Records for the exercise:
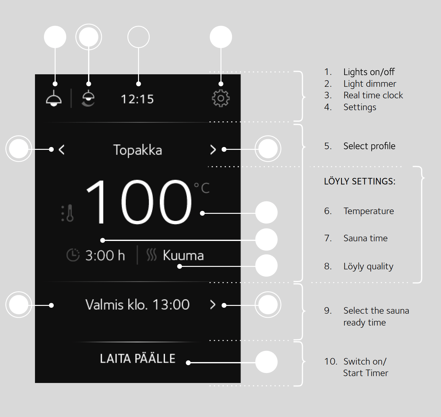 - Teplota sauny (s přesností na stupně 40-110°C)
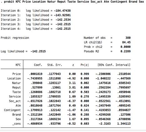 Приложение 9. Пробит-модель KFC
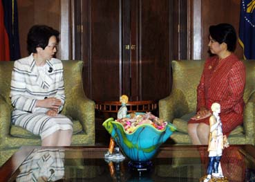 マラカニアン宮殿でアロヨ大統領と会談する川口首相補佐官(大統領府提供)
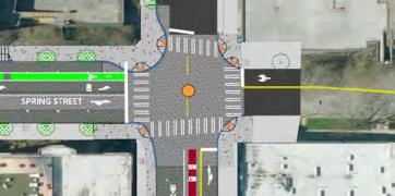 Original plans only included a bike lane in Downtown on Spring Street between First Avenue and Fourth Avenue, next to the curb. After hearing from the public that going to Fourth Avenue would not be enough, the bike lane has been extended in the plans up Spring Street to Eigth Avenue. However, there are a few clear problems with the design of this new extended lane from a safety standpoint.
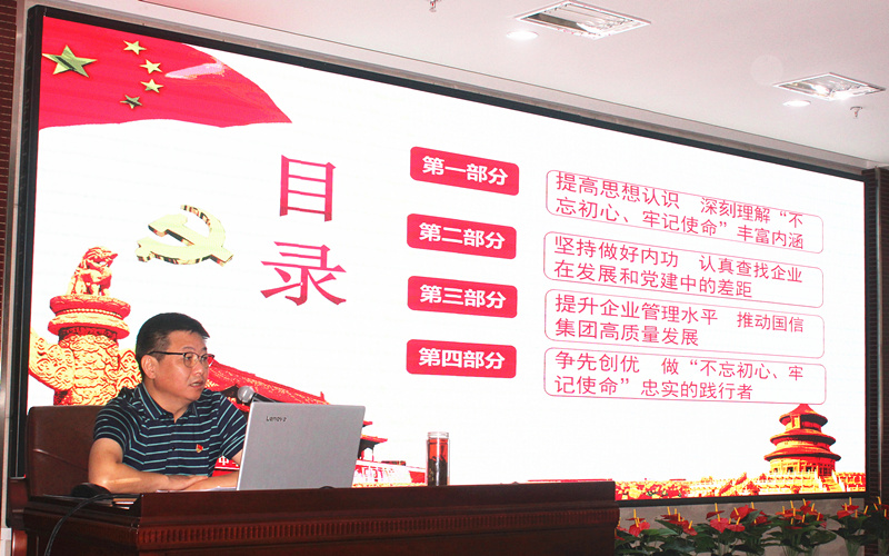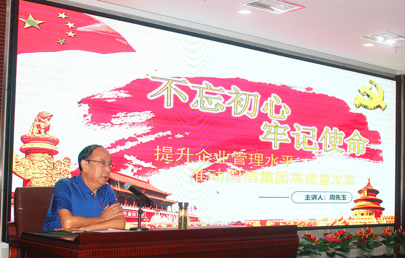 9月28日上午,国信集团党支部书记、董事长周先玉以“提高企业管理水平,推动国信集团高质量发展”为题,为公司领导班子成员及本部全体党员、员工,上了一堂“不忘初心、牢记使命”主题教育专题党课。
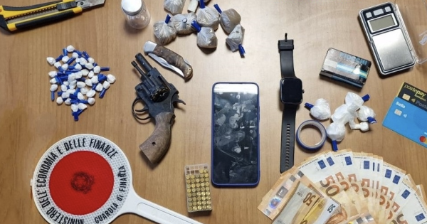 All’interno del garage sono stati rinvenuti e sequestrati 100 grammi di hashish, 50 grammi di cocaina, già confezionati e pronti per lo spaccio, nonché una pistola revolver modificata, perfettamente funzionante, oltre a 50 cartucce calibro 22.
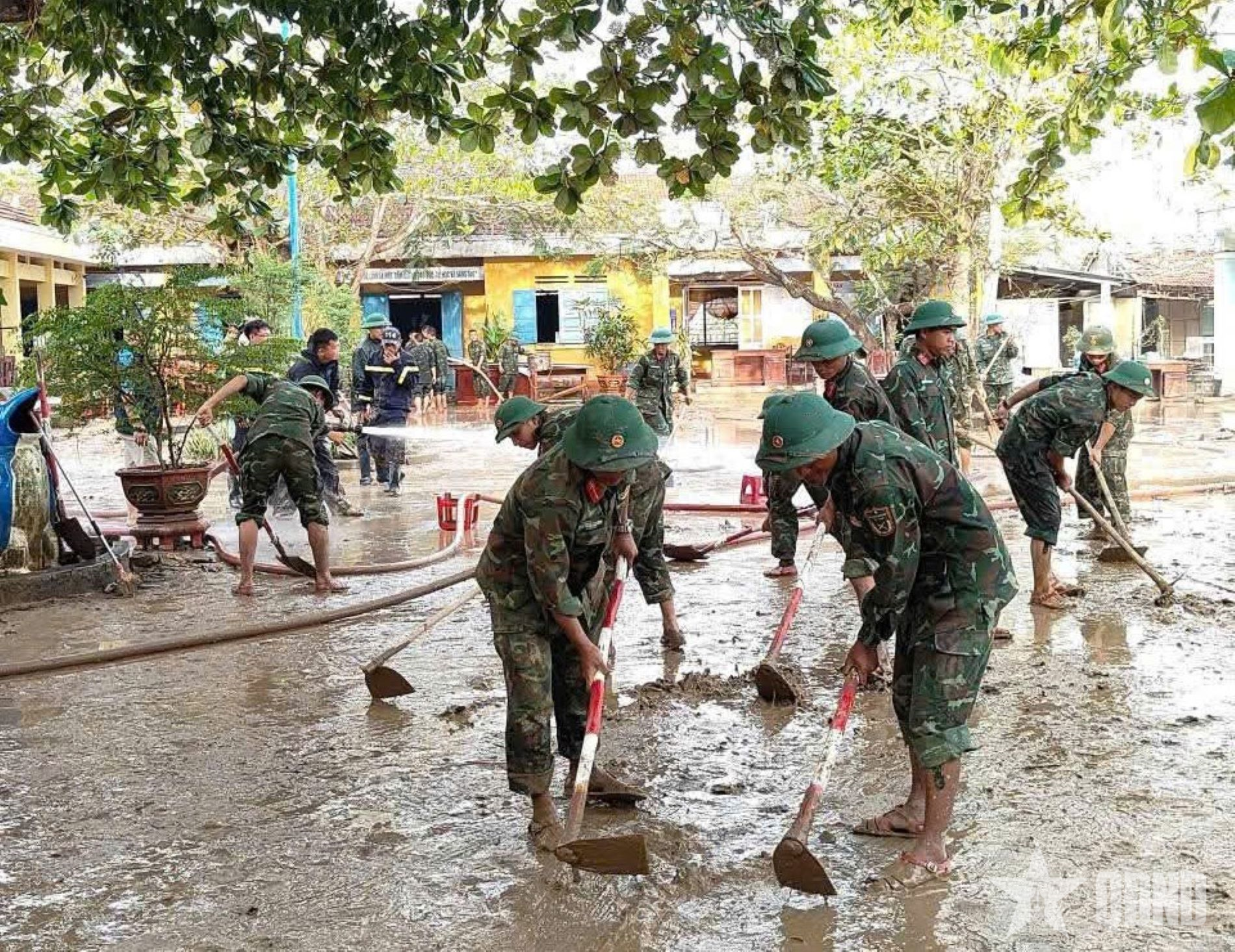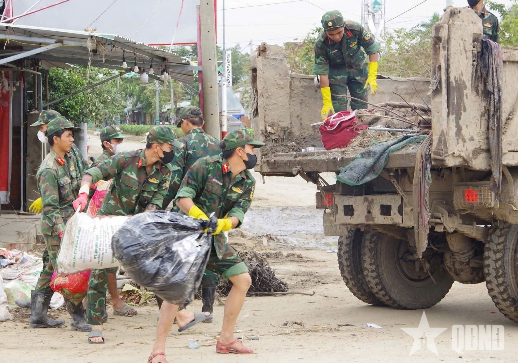 Cán bộ, chiến sĩ Sư đoàn 2 (Quân khu 5) giúp các địa phương khắc phục hậu quả lũ lụt.
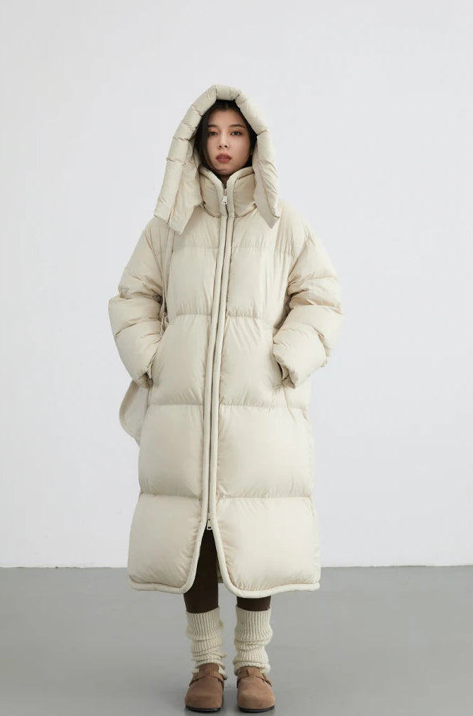 Denne lange dunjakke kombinerer et moderne, komfortabelt design med et elegant og voluminøst udtryk, som giver en varm og omsluttende følelse. Den lette konstruktion og de brede kanaler skaber et harmonisk look, mens den afslappede silhuet giver plads til bevægelse og gør jakken ideel til både hverdagsbrug og længere ture. En funktionel og stilfuld overdel, der tilføjer garderoben et luksuriøst, blødt touch.
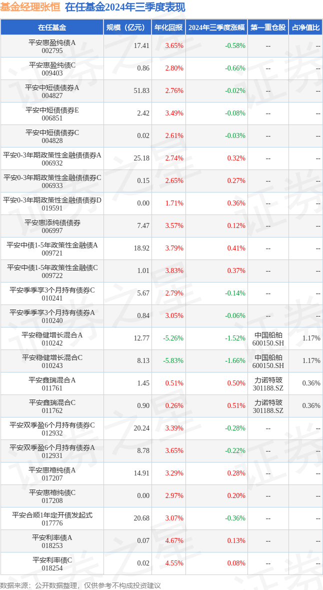 从基金规模来看,平安鑫瑞混合A基金2024年三季度公布的基金规模为1.45亿元,较上一期规模1.82亿元变化了-3644.86万元,环比变化了-20.03%。该基金最新一期资产配置为:股票占净值比5.38%,债券占净值比110.28%,现金占净值比1.57%。从基金持仓来看,该基金当季前十大股票仓位达2.6%,第一大重仓股为力诺特玻(301188),持仓占比为0.36%。

Your task:
Down to the last line, return the entries above exactly, with no pictures.

Task response:
 - Teplota sauny (s přesností na stupně 40-110°C)
 Приложение 9. Пробит-модель KFC
 マラカニアン宮殿でアロヨ大統領と会談する川口首相補佐官(大統領府提供)
 Original plans only included a bike lane in Downtown on Spring Street between First Avenue and Fourth Avenue, next to the curb. After hearing from the public that going to Fourth Avenue would not be enough, the bike lane has been extended in the plans up Spring Street to Eigth Avenue. However, there are a few clear problems with the design of this new extended lane from a safety standpoint.
 9月28日上午,国信集团党支部书记、董事长周先玉以“提高企业管理水平,推动国信集团高质量发展”为题,为公司领导班子成员及本部全体党员、员工,上了一堂“不忘初心、牢记使命”主题教育专题党课。
 All’interno del garage sono stati rinvenuti e sequestrati 100 grammi di hashish, 50 grammi di cocaina, già confezionati e pronti per lo spaccio, nonché una pistola revolver modificata, perfettamente funzionante, oltre a 50 cartucce calibro 22.
 Cán bộ, chiến sĩ Sư đoàn 2 (Quân khu 5) giúp các địa phương khắc phục hậu quả lũ lụt.
 Denne lange dunjakke kombinerer et moderne, komfortabelt design med et elegant og voluminøst udtryk, som giver en varm og omsluttende følelse. Den lette konstruktion og de brede kanaler skaber et harmonisk look, mens den afslappede silhuet giver plads til bevægelse og gør jakken ideel til både hverdagsbrug og længere ture. En funktionel og stilfuld overdel, der tilføjer garderoben et luksuriøst, blødt touch.
 从基金规模来看,平安鑫瑞混合A基金2024年三季度公布的基金规模为1.45亿元,较上一期规模1.82亿元变化了-3644.86万元,环比变化了-20.03%。该基金最新一期资产配置为:股票占净值比5.38%,债券占净值比110.28%,现金占净值比1.57%。从基金持仓来看,该基金当季前十大股票仓位达2.6%,第一大重仓股为力诺特玻(301188),持仓占比为0.36%。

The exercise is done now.